Below please find the wishlist and questions the main SLAC batch system users and administrators posed.
User Group 1
- Automatic job preemption/suspend/resume?
- Support for multiple-levels of job preemption (e.g. 3-queue hierarchy)?
- Job environment propagation (including limits like "stacksize")?
- Subgroup-specific priority calculation (queue-specific priority formula)?
- Capability to delegate subgroup administration privileges (adjust job priorities, suspend, resume, kill) to subgroup administrators?
- Cross-queue fairshare (with cpu-speed weighting)?
- CPU advanced reservations for MPI?
- GPU support?
- Ability to submit jobs to hosts where we don't have accounts/home-directories?
- Avoid bad behavior when MPI head node reboots: slave node processes get "forgotten" ?
- How well does the system scale?
- Number of cores, queues, queued and running jobs?
User Group 2
- Please list supported operating systems (for submission hosts and for execution hosts)
- Explicit, site-specific-naming resource specification (e.g., rhel5-64, amount of /scratch space, etc.) at job submission time?
- Is there an API for "time remaining" query (to save state near end of job)?
- Do submission / management hosts require a license?
- ability to submit/monitor jobs from any machine at SLAC (not just those with licenses as is the case with LSF)
User Group 3
- Resource arbitration (i.e. ability to easily control number of running jobs to prevent overloading of disks and other resouces, such as memory)
- Reliable notification to job when CPU, other resources, about to be exhausted
- Built-in support for virtualization?
- Ability to suspend/resume/move running jobs (MPI and single-core)
- API (preferably rest/xml/json) for submitting, monitoring, controlling jobs, in addition to command-line control
- Can resource allocation within a subgroup be delegated to subgroup administrators?
- e.g. today I want 90% of resources dedicated to one subgroup within my allocation, tomorrow only 10%
- Hooks for adding extensions (e.g. kerberos tickets or afs token support) without introducing maintainance problems
User Group 4
- Knowledge of cluster topology to assign large jobs across nodes in optimized way?
- For example an MPI job with 256 cores would best be assigned on as few nodes as possible and those nodes should span as few Infiniband/ethernet switches as possible.
- Ability to request exclusive access to nodes: this is to support using the full node's memory on a subset of the nodes cores?
- Ability to schedule using node properties and resources: memory, gpu cores, cpu cores, i/o connectivity, other user defined properties?
- Job priority schemes that support coexistence of small and large jobs?
- This likely includes issues of pre-emption, backfill, checkpointing, migration and restarting.
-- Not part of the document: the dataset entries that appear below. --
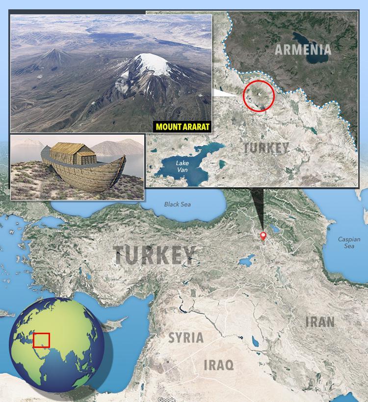 根据圣经里写道,诺亚的方舟在150天后停在一个叫做亚拉腊山的山上,而从此之后很多人一直都在寻找这个方舟。根据Andrew Snelling博士表示:“大部分的人都在土耳其北部的亚拉腊山找方舟,圣经上这样写的话,应该是这座山在淹水前就已经存在。那时的大淹水应该让地就很多地形都改变才对,所以说不定现代的亚拉腊山也跟以前的不太一样,不过那座山的附近应该可以找到一些线索才对。”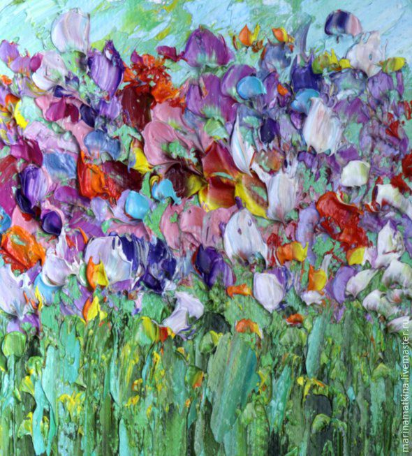 Также я уже упоминала, что мастихином можно писать не только самой лопаткой, но еще и ее острым ребром. Таким образом, создается очень красивый рельеф, а для проработки деталей вам даже не придется использовать кисть!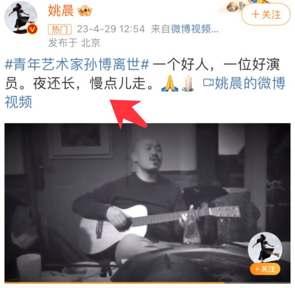 在得知孙博去世之后,知名演员姚晨发文悼念:一个好人,一位好演员。夜还长,慢点儿走。对于姚晨老师发文,更是让很多观众破防,不少网友也暖心安慰,希望姚晨节哀。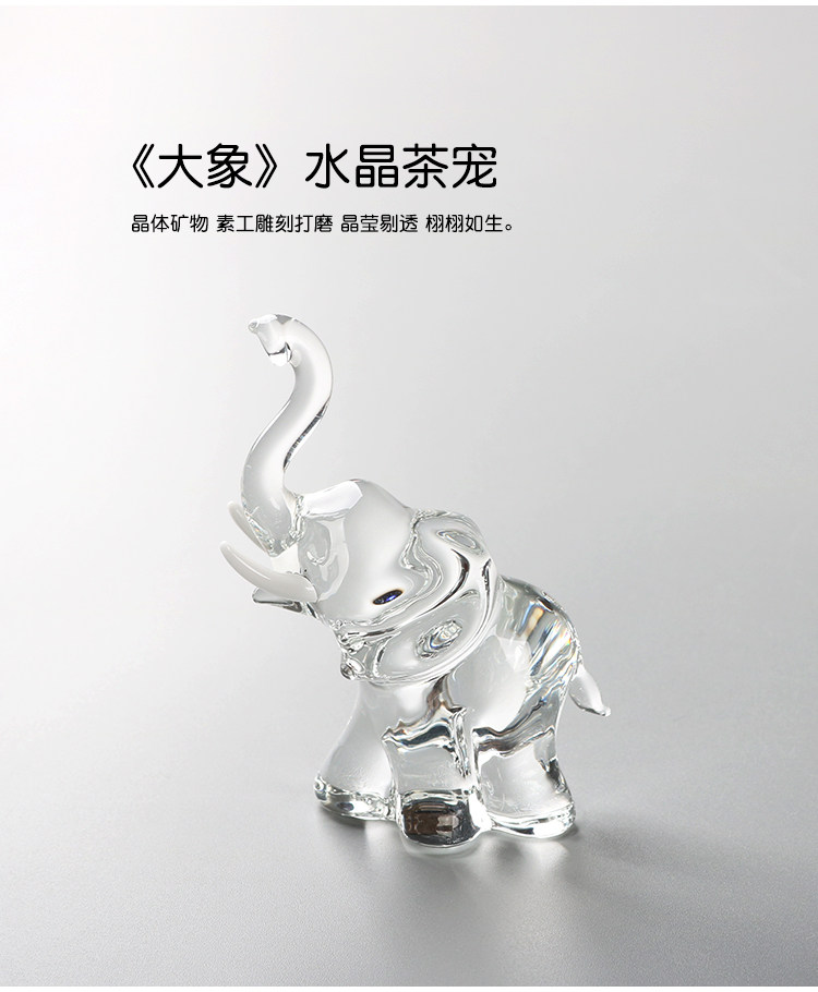 水晶大象茶寵 創意茶桌茶臺小擺件精品茶玩功夫茶具配件擺設禮品1入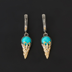Серьги бирюза Казахстан (серебро 925 пр. позолота, родир. черн.)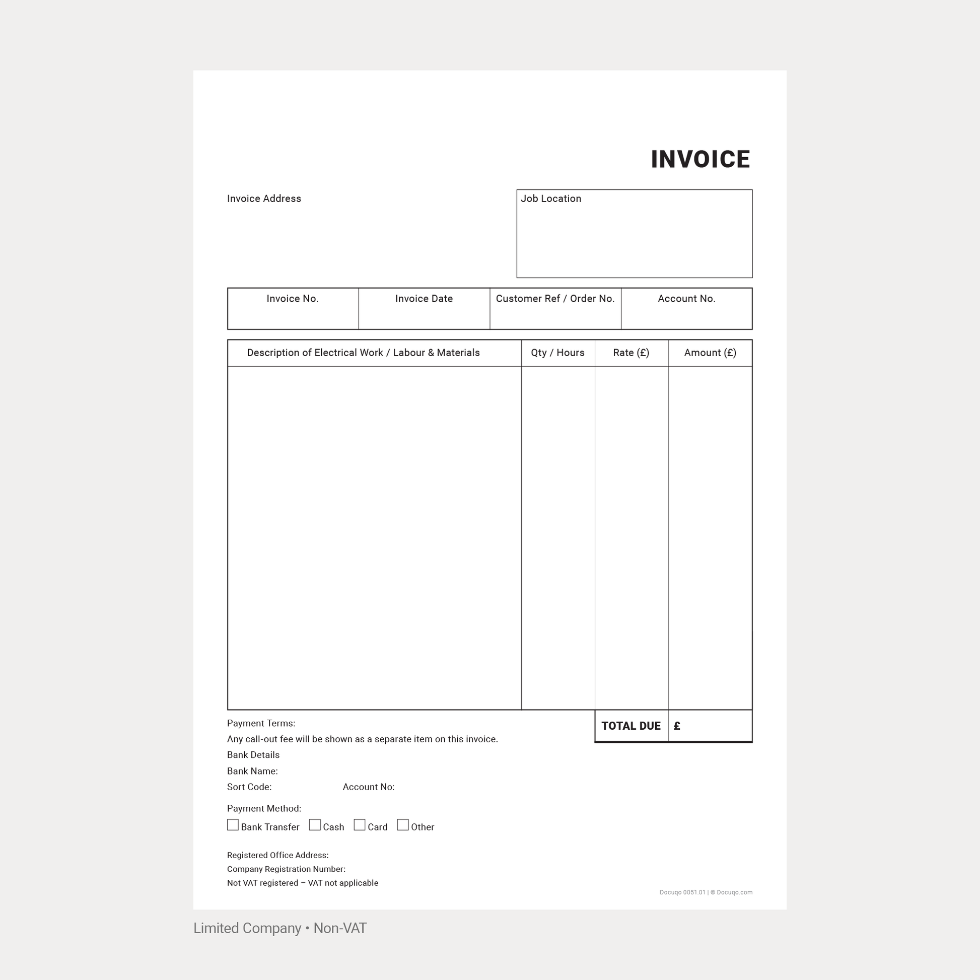 Electrician Invoice Complete Pack UK – VAT & Non-VAT A4 Fillable PDFs for Ltd, Partnership & Sole Trader (Docuqo 0052)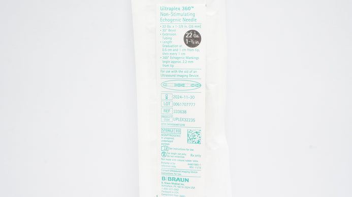 - Braun 333638 Ultraplex 360 Non-Stimulating Echogenic Needle 22Ga x 1-3/8In (x)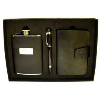 Ваша реклама Здесь 500 подарков | Каталог | Деловые аксессуары | Портмоне, портсигары, кошельки, визитницы, ключницы | Подарочный набор VIRON: фляжка 8oz, органайзер, ручка

Also includes aggregation of single core jobs onto nodes with other similar jobs.
- Ability to partition the cluster / support multiple cluster (by host capabilities, such as IB-capable, GPU nodes, other per-node attributes)?
- Ability to automatically enable preemption at certain times of day?
User Group 5
- Is the batch system supported by Open Science Grid?
User Group 6
- Software should be installed via RPM or similar, both in terms of reducing the reliance on a shared file system, and in terms of simplification of system install process
- Per-node configuration should be fairly simple, and easily manageable via a configuration management tool (e.g. chef).
- Servers must support semi-high-availability
- at least as much as our existing LSF setup (at a minimum 2 redundant batch-manager nodes).
- Can there be multiple simultaneous sources for authorization information that are applied in a well-defined order?
- e.g. NIS, LDAP, flat files as source where a host-local file can override central LDAP
- Where possible, we want to be able to perform meaningful queries regarding current queue and job states and get pretty-and-useful reports back.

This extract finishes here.